Archive for June, 2010



Poll of the Week: June 13, 2010

Here is the new poll of the week. This topic will be written about on Saturday!

Going to the Dentist

The poll of the week had surprising results, but when it is all said and done, more people hate going to the dentist than the doctor.

However, I was surprised to find that, although more people DID hate going to the dentist, going to the doctor trailed very close behind.

But, let’s talk about going to the dentist.

Going to the dentist is just plain horrible. It really is. I’ve never had a good time at the dentist. And the only thing I liked about the dentist as a kid was that, when I was done, the hygienist would give me some sort of sticker, or prize. But I’m not a kid anymore. No more prizes.

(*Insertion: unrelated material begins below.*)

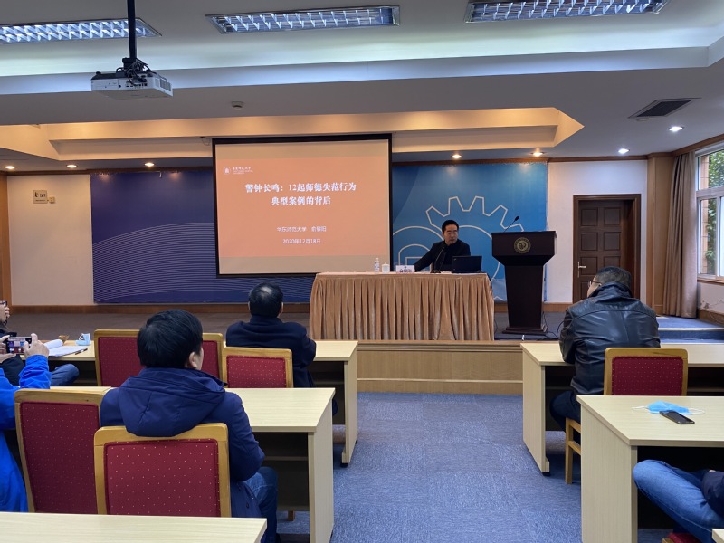 12月18日下午,公司在逸夫楼演讲厅举办师德师风专题讲座。作为公司“师德师风主题教育月”重要内容之一,活动特邀华东师范大学纪委副书记、监察处处长俞黎阳博士为社会公司教师作了题为“警钟长鸣:12 起师德失范行为典型案例的背后”的专题讲座。党委书记张广利主持讲座,公司全体教职员工参加。

So, let’s pretend your next dental appointment is just a check-up/cleaning. And it’s today. Did you just cringe?

You wake up thinking, I have to go to the dentist today. And then, your next thought, How can I get out of it? You end up going though. You know you’ll have to go at some point. Might as well get it over with, right?

Just before you leave for the dentist, you brush your teeth. And it’s not a usual brushing either. Nope. You take your time. You brush every section of your mouth for a good 2 minutes (including your tongue). You actually floss. You use mouthwash (maybe twice) and you inspect your mouth to make sure you did a good job.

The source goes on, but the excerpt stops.